Back in the golden age of cinema, before computers could make the impossible possible and before organizations existed to protect everyday Joes from killing themselves on set, directors were gods, and producers wielded near-absolute power over life-or-death situations. Everyone wanted a job and would do almost anything to keep it, which sometimes meant being placed in perilous positions where danger and even death were accepted as part of the price of making movies.

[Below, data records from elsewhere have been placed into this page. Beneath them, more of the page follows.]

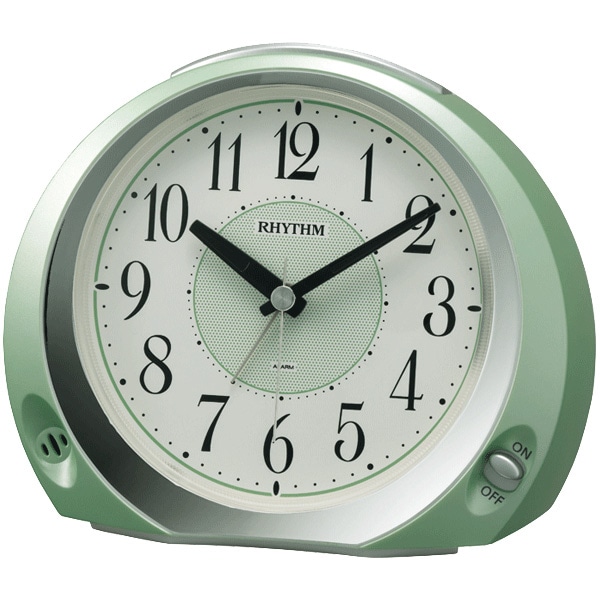 ●ムーブメント:クオーツ。●電子音アラーム。●連続秒針。●使用電源:アルカリ単3形×2本(別売)。●配色:緑メタリック。●材質:プラスチック枠(PS)。●サイズ:123×145×67mm。●重量:240g。●名入れ:25×55mm(グレー)。●個包装:135×158×75mm(300g)。●ライト付き。●止めてもまた鳴る「スヌーズ機能」。
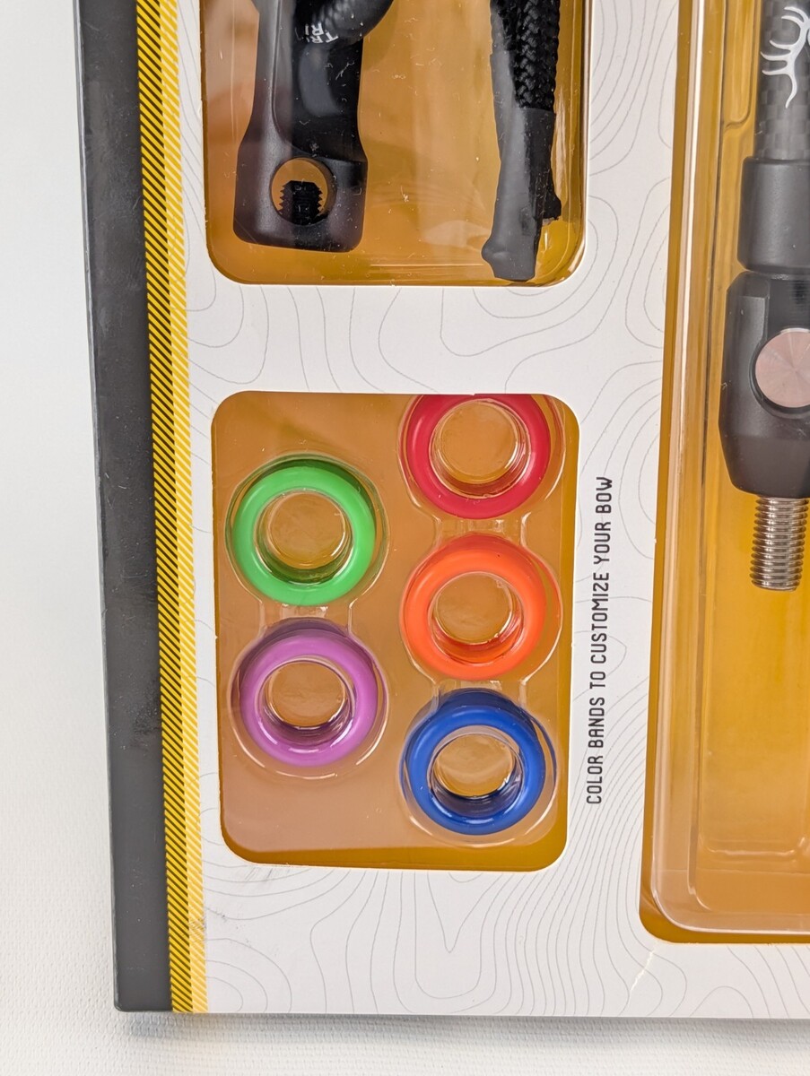 Includes wrist strap, mounting bar, and colored rings for bow personalization
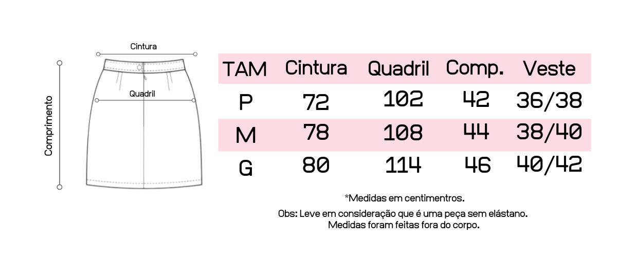Atente-se as medidas na hora da compra para que receba a sua peça exatamente do tamanho que deseja
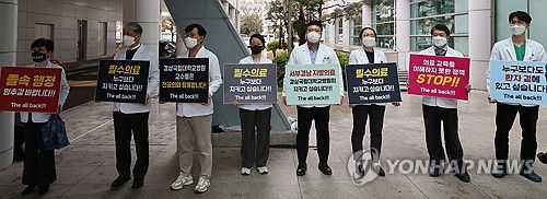 (진주=연합뉴스) 박정헌 기자 = 경상국립대학교 의대 교수 및 학생들이 25일 오후 경남 진주시 경상국립대 암센터 앞에서 의대 정원 증원 철회를 요구하는 집회를 하고 있다. 2024.3.35
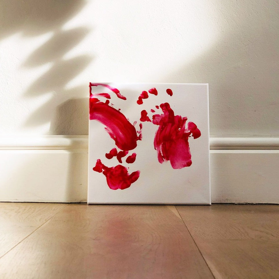 Fabric ready to be painted on as baby's first canvas. One complimentary, non-toxic, 50ml fabric paint jar included.
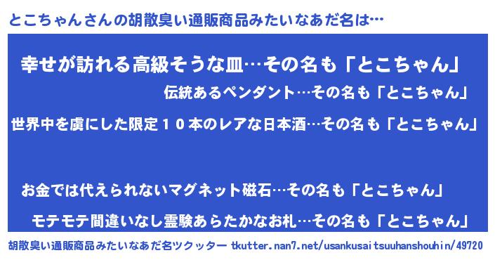 | ヘコむあだ名 | 『なまこ酢』『とこっふぃ~』 |

And that was very much the case with 1928’s Noah’s Ark, a silent film marred by a largely avoidable tragedy, one that helped spark the creation of early stunt and on-set safety regulations in Hollywood.

Created by film titans Darryl F. Zanuck and Michael Curtiz, the ambitious project retold the biblical story of Noah while weaving in a parallel narrative centered on World War I soldiers. For the massive flood sequence, the filmmakers wanted the extras to appear genuinely terrified, and to achieve that level of realism, they released an estimated 600,000 gallons of water onto hundreds of performers without warning or confirming whether they could swim.

According to reports, cinematographer Hal Mohr walked off the set due to the disregard for the safety of the extras. But the production marched forward. And the results were catastrophic.

The force of the water was so extreme that it caused the extras to crash into the concrete sets, breaking bones in the process. According to reports, one extra had to have his leg amputated, while star George O’Brien lost several toenails. According to several accounts, three people died in the flood, and dozens of ambulances were called to the set.

NOAH'S ARK, 1928

Everett Collection

Among the hundreds that battled for their lives in floodwaters was a young Marion Morrison, who would later be known as John Wayne.

The disaster influenced the establishment of early, industry-wide stunt safety protocols, helping formalize on-set safety practices and guidelines for planning and protecting dangerous stunts and large crowd scenes. In the aftermath, productions began to increasingly rely on trained stunt performers, improve on-set medical readiness, and deliberate risk assessment standards.